I don’t think claiming practical experience as an engineer as justification for misunderstanding and drawing faulty conclusions from basic mathematics is really the gotcha you think it is here. On the contrary, if you really do have a background in engineering, then you should know better and it is now my opinion that the people who have taught you mathematics and the basics of engineering have done you a serious disservice for not teaching you better. Misunderstanding mathematical models is textbook bad engineering. What you are doing here is using your engineering background to justify why it is okay for you to be a shitty engineer.
I’m used to working with folks, like yourself, that have a clearly hard time transitioning from a hypothetical world to the real world.
Who is having the trouble? I’m not the one stumbling over basic things that children learn in high school algebra like what the definition of a function is.
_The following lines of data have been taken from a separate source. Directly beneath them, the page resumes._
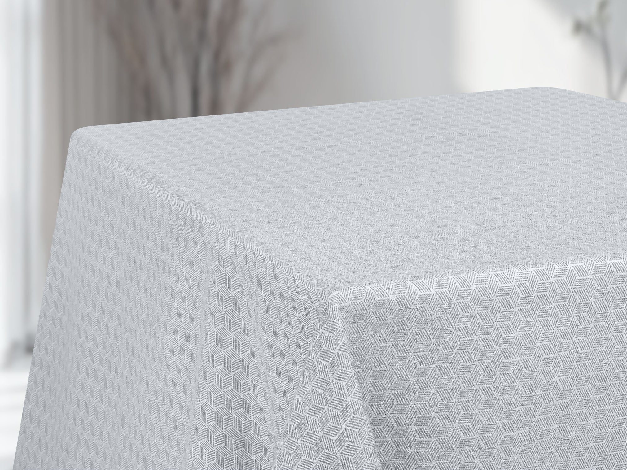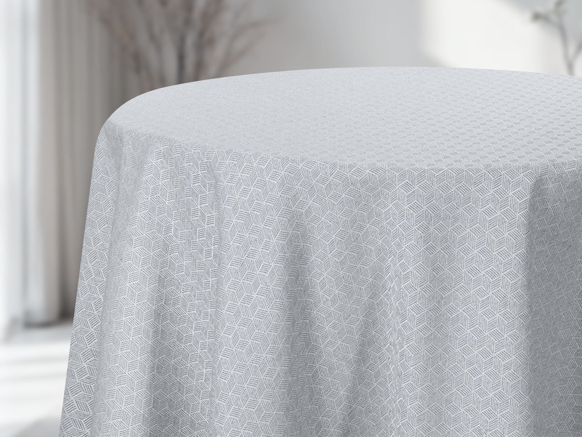 Un diseño sofisticado y lleno de textura se despliega en tu mesa: jacquard de cubos, adornado con pequeñas líneas grises que crean una sutil textura, sobre un fondo blanco puro. Un patrón que combina elegancia y modernidad, añadiendo profundidad y distinción a tu espacio. Convierte tu hogar en un lugar de estilo refinado y detalle con esta pieza única y encantadora.
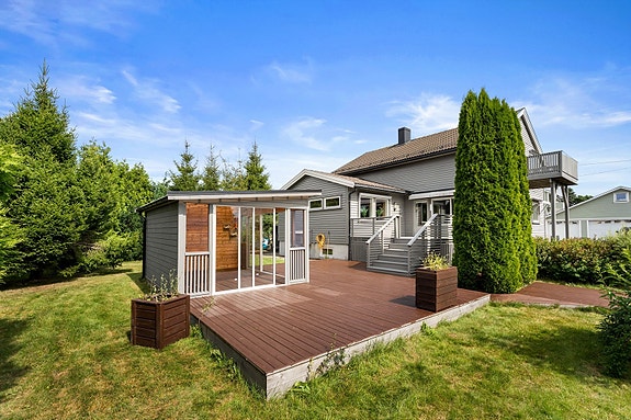 Hel tomannsbolig i et attraktivt og barnevennlig område | Nytt kjøkken & bad | 5 Soverom | Solrike uteplasser | Garasje
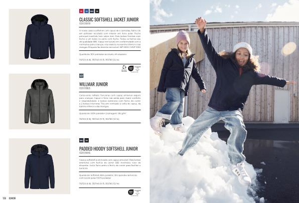Casaco softshell acolchoado com capuz amovível. Dois bolsos exteriores com fechos de correr SBS invertidos. Fácil de etiquetar. Inclui forro preto e fecho de correr para facilitar o bordado.
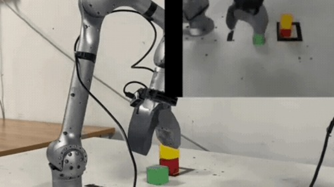 玩堆积木,稳稳当当。重点是,右上角小窗口呈现出世界模型对后续动作视频的预测,能发现和实际操作情形十分吻合。
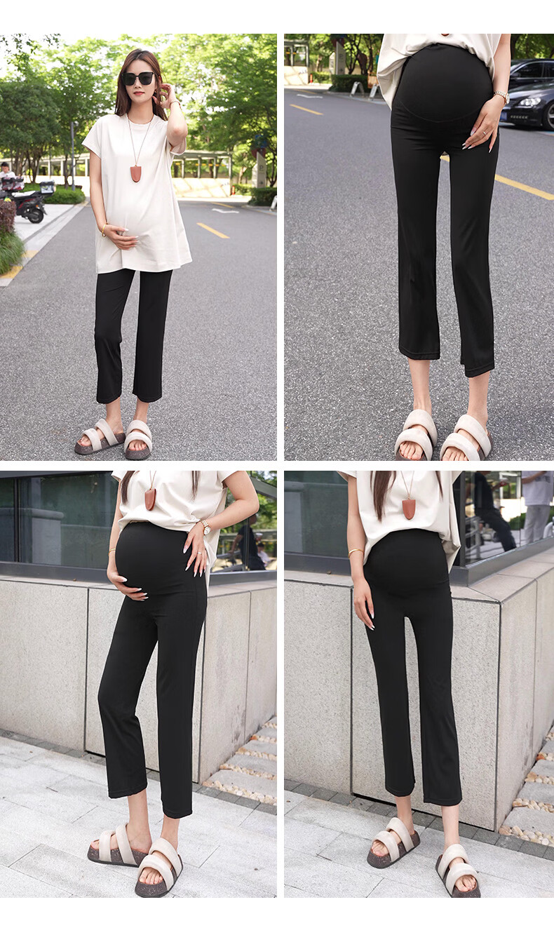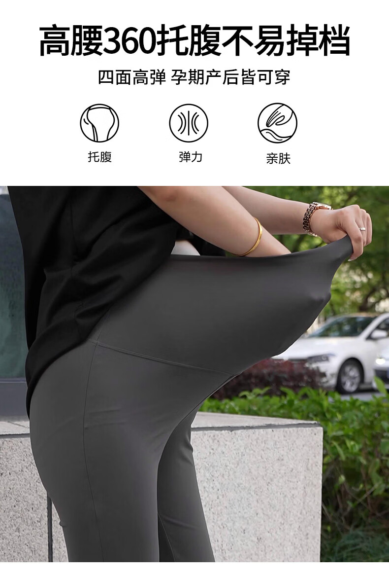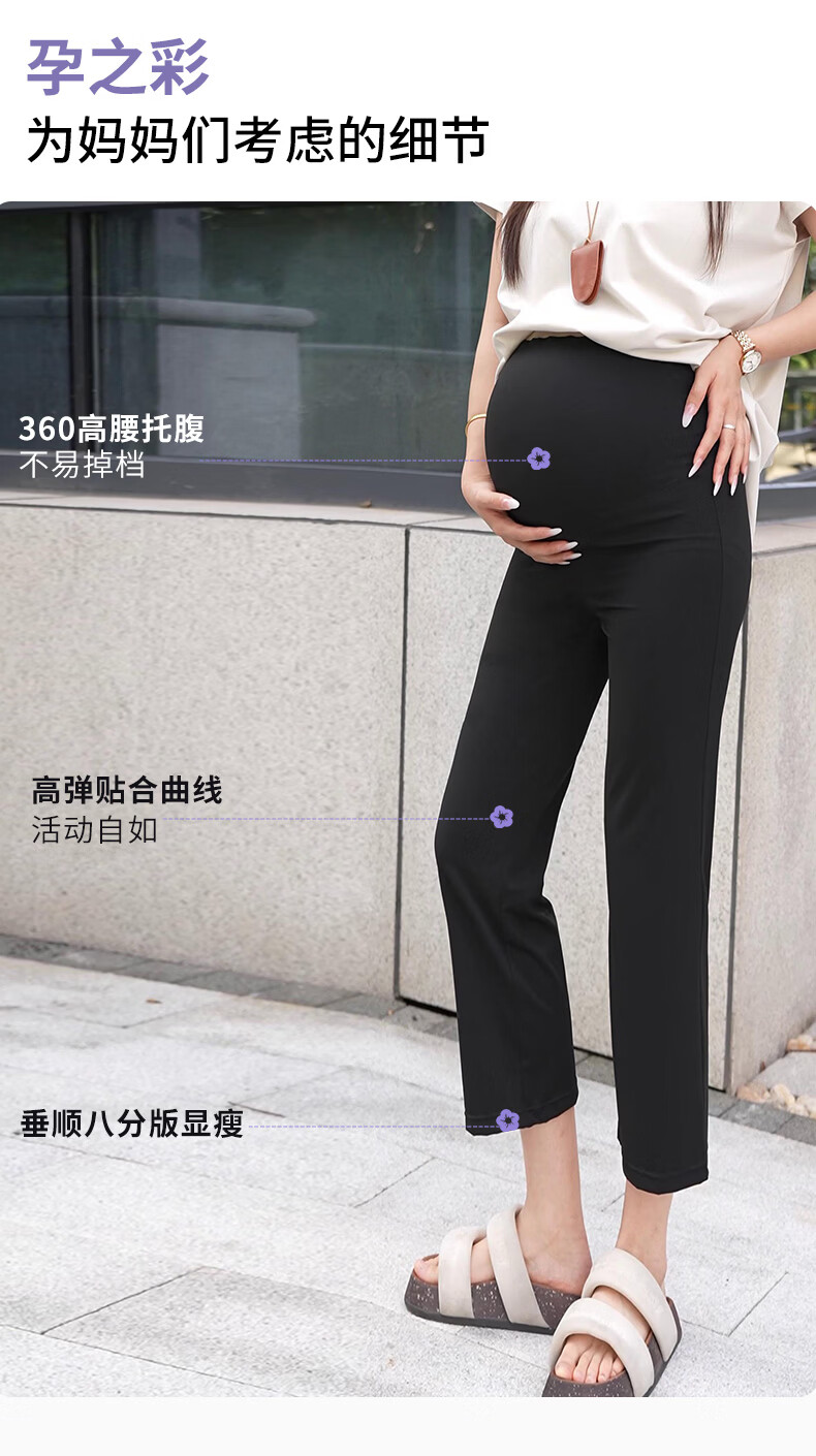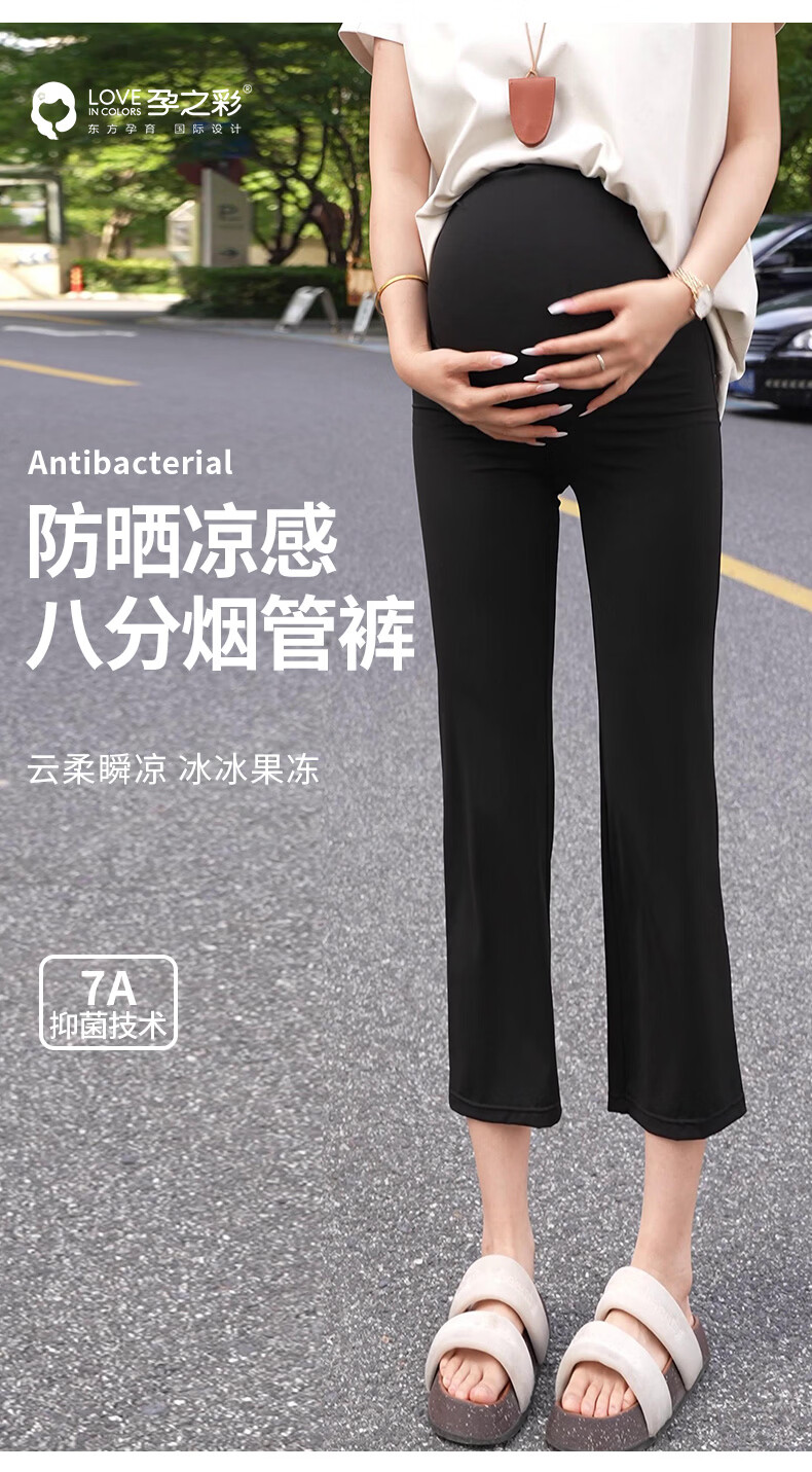 孕之彩孕妇夏季新款八分烟管裤孕妇裤薄款高腰显瘦防晒凉感直筒裤 黑色 L

This is why I have respond with civility, and have looked past your responses insulting tone.
Oh yes, clearly my tone is insulting, but yours has never once been insulting. You pure beautiful angel you. If only the rest of us could be such a pure and sweet soul like you. I’ll be sure to only speak to you in the kindest and sweetest ways so that I don’t hurt your very precious and delicate feelings in the future.
I understand it’s a fear response of the ego, and I don’t judge you for it. I understand that it’s difficult to fight with the protection mechanisms of the ego.
I’m sorry kind and gentle prince, but I can’t help but point out that the projection here from you is very entertaining. I’m so very sorry for any hurt this may cause your poor delicate feelings.